=== GIVEN INFORMATION ===

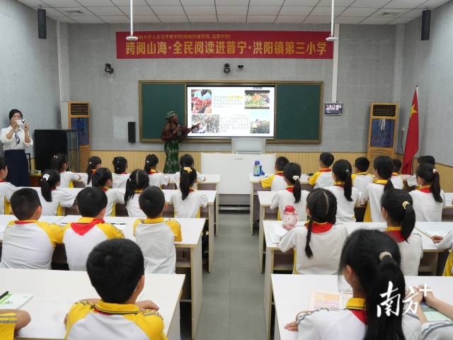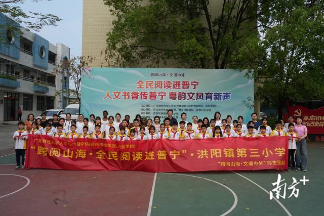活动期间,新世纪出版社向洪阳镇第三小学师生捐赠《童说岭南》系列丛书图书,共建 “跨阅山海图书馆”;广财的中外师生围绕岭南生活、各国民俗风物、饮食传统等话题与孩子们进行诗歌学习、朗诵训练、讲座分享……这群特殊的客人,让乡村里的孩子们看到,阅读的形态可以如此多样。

===
=== GIVEN INFORMATION ===

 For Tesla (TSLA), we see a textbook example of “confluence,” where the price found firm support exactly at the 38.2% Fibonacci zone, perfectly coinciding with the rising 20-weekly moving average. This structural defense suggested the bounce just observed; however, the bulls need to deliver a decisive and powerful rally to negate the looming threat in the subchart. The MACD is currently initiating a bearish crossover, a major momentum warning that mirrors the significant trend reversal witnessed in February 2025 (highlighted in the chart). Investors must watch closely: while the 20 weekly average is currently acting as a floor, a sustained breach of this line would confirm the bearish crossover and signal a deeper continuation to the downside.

===
=== GIVEN INFORMATION ===

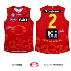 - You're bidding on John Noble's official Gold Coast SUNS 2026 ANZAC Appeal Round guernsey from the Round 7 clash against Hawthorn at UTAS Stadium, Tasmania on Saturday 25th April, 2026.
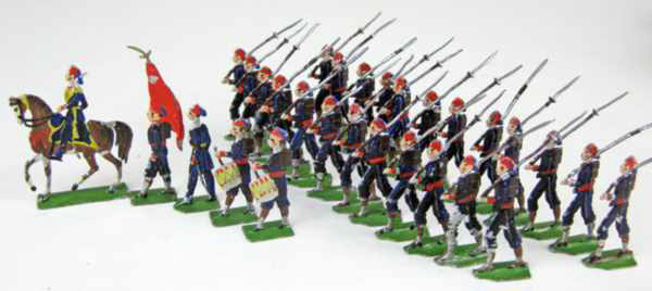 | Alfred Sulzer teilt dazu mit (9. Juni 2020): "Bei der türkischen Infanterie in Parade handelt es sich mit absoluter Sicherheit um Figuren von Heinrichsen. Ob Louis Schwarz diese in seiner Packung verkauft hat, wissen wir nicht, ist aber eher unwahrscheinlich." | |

===

■ **THE PROBLEM**: The material above holds pictures; leave them out and set down exactly the lines from the line with "- You're bidding" to the line with "Alfred Sulzer teilt", both included.

■ **ANSWER TO THIS PROBLEM**:
 - You're bidding on John Noble's official Gold Coast SUNS 2026 ANZAC Appeal Round guernsey from the Round 7 clash against Hawthorn at UTAS Stadium, Tasmania on Saturday 25th April, 2026.
 | Alfred Sulzer teilt dazu mit (9. Juni 2020): "Bei der türkischen Infanterie in Parade handelt es sich mit absoluter Sicherheit um Figuren von Heinrichsen. Ob Louis Schwarz diese in seiner Packung verkauft hat, wissen wir nicht, ist aber eher unwahrscheinlich." | |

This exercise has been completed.